Write out exactly every line from the one containing "Silver Cross with a Red Rose Water Bottle" through the final line of the material below, both included. Pictures are to be skipped.

* _RECORDED INFORMATION_

Segment Open

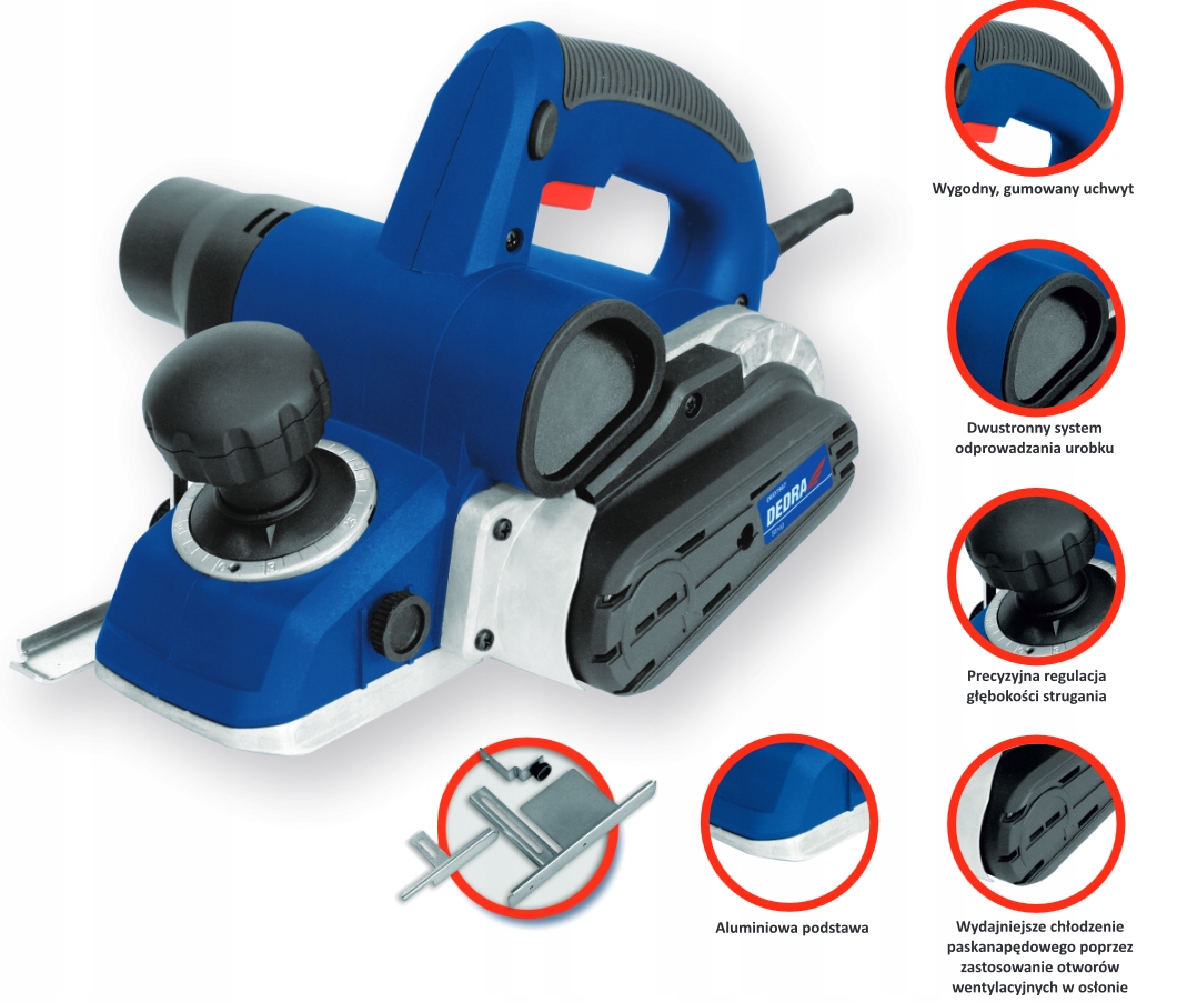 Спеціалізований електрорубанок DEDRA потужністю 1050 Вт призначений для обробки деревини. Прилад характеризується сучасним дизайном і ергономічною формою. Алюмінієва ніжка пристрою не деформується. Пристрій дозволяє виконувати стругання шириною 82 мм і глибиною до 3 мм. Під час роботи двигун пристрою може генерувати до 16 000 обертів головки в хвилину. Завдяки протиковзким накладкам на головній ручці літак надійно лежить у руці. Пристрій має функцію автоматичного висування «паркувальної ніжки». Стружка ніколи не накопичується під алюмінієвою ніжкою, тому що вона автоматично викидається вправо або вліво. У комплект рубанка входять: мішок для пилу.
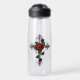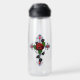 Silver Cross with a Red Rose Water Bottle
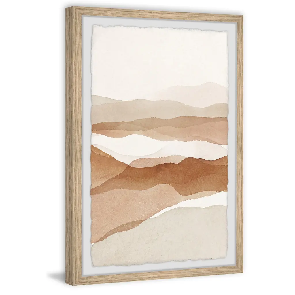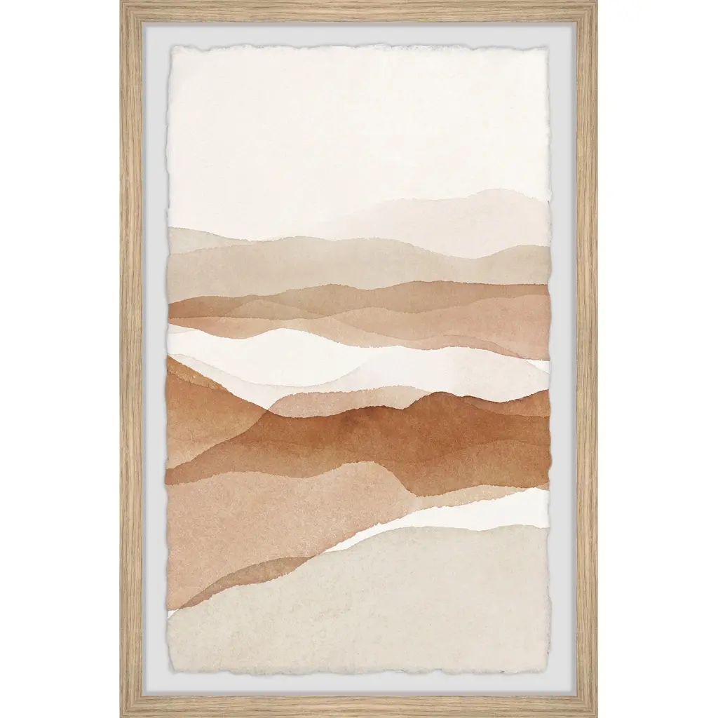 This watercolor painting print features a mountainous landscape rendered in a brown and beige color scheme. Proudly printed in the USA, this piece is printed on high quality archive paper and professionally hand-framed. With wall-mounting hooks included, this artful accent is ready to hang up as soon as it reaches your front door. • Top quality Giclee print on high resolution Archive Paper • Hand cut deckled edges • High quality durable non-warping frame • Finished under shatter resistant plexiglass • Arrives ready to hang • Includes a certificate of authenticity • Printed in the USA

Segment Closed

* _WRITTEN REPLY_
 Silver Cross with a Red Rose Water Bottle
 This watercolor painting print features a mountainous landscape rendered in a brown and beige color scheme. Proudly printed in the USA, this piece is printed on high quality archive paper and professionally hand-framed. With wall-mounting hooks included, this artful accent is ready to hang up as soon as it reaches your front door. • Top quality Giclee print on high resolution Archive Paper • Hand cut deckled edges • High quality durable non-warping frame • Finished under shatter resistant plexiglass • Arrives ready to hang • Includes a certificate of authenticity • Printed in the USA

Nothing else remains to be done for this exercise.